你可以写 confidence=34.2 和 interval="woohoo" ,它仍然给出相同的答案。 It only produces the estimate and the standard error.
它只产生估计值和标准误差。
Second, one COULD then take the fit +/- 2*se to get an approximate 95 percent confidence interval.其次,然后可以采用 +/- 2*se 的拟合来获得大约 95% 的置信区间。 However, without getting into the weeds of confidence intervals, pivotal statistics, non-normality in the response scale, etc., this doesn't give very satisfying intervals because, for instance, they often include impossible negative values.
但是,如果不涉及置信区间、关键统计数据、响应量表中的非正态性等,这并不能给出非常令人满意的区间,因为例如,它们通常包含不可能的负值。

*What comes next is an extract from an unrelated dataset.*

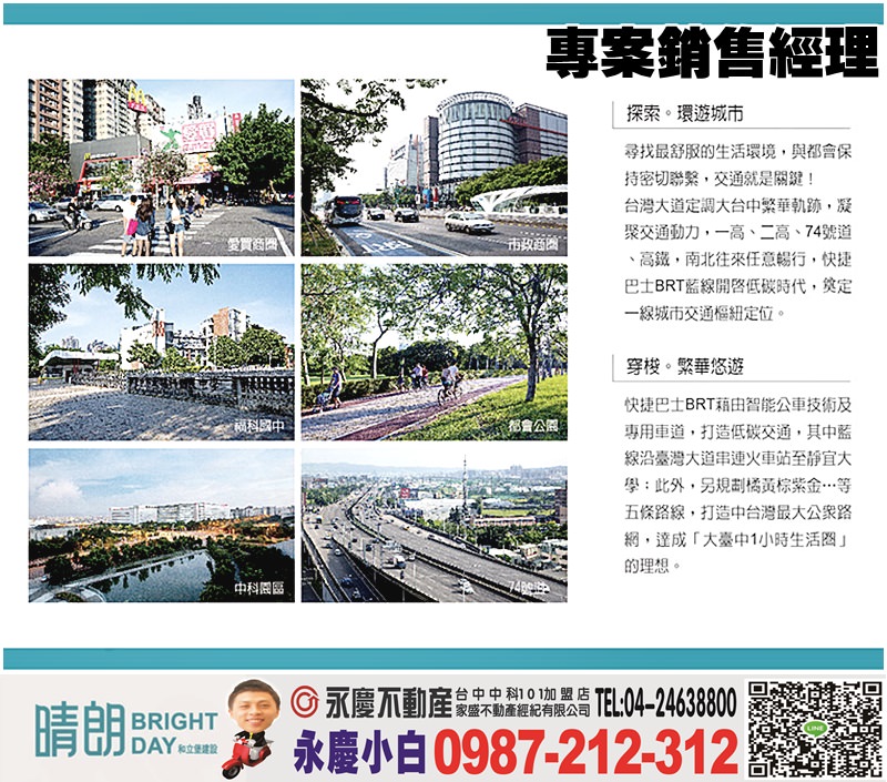 本團隊已在大台中中科深耕數十多年於中科、嶺東、逢甲、5期、7期、8期、12期、新10期聯賣超強優值銷售團隊,同仁約有400位菁英戰將同仁同步銷售,是台中最強、最快銷售團隊,若是您有買賣屋..等不動產任何需求歡迎您找小白,也懇請您能給我們機會為您服務。

So, I think a better approach is to form an interval in the link scale, then transform it (this is still an approximation, but probably better):所以,我认为更好的方法是在链接比例中形成一个区间,然后对其进行转换(这仍然是一个近似值,但可能更好):
X <- c(1,0,2,0,3,1,0,1,2,0)
Y <- c(16,9,17,12,22,13,8,15,19,11)
model <- glm(Y ~ X, family = "poisson")
tmp <- predict(model, newdata=data.frame(X=4),se.fit=TRUE, type = "link")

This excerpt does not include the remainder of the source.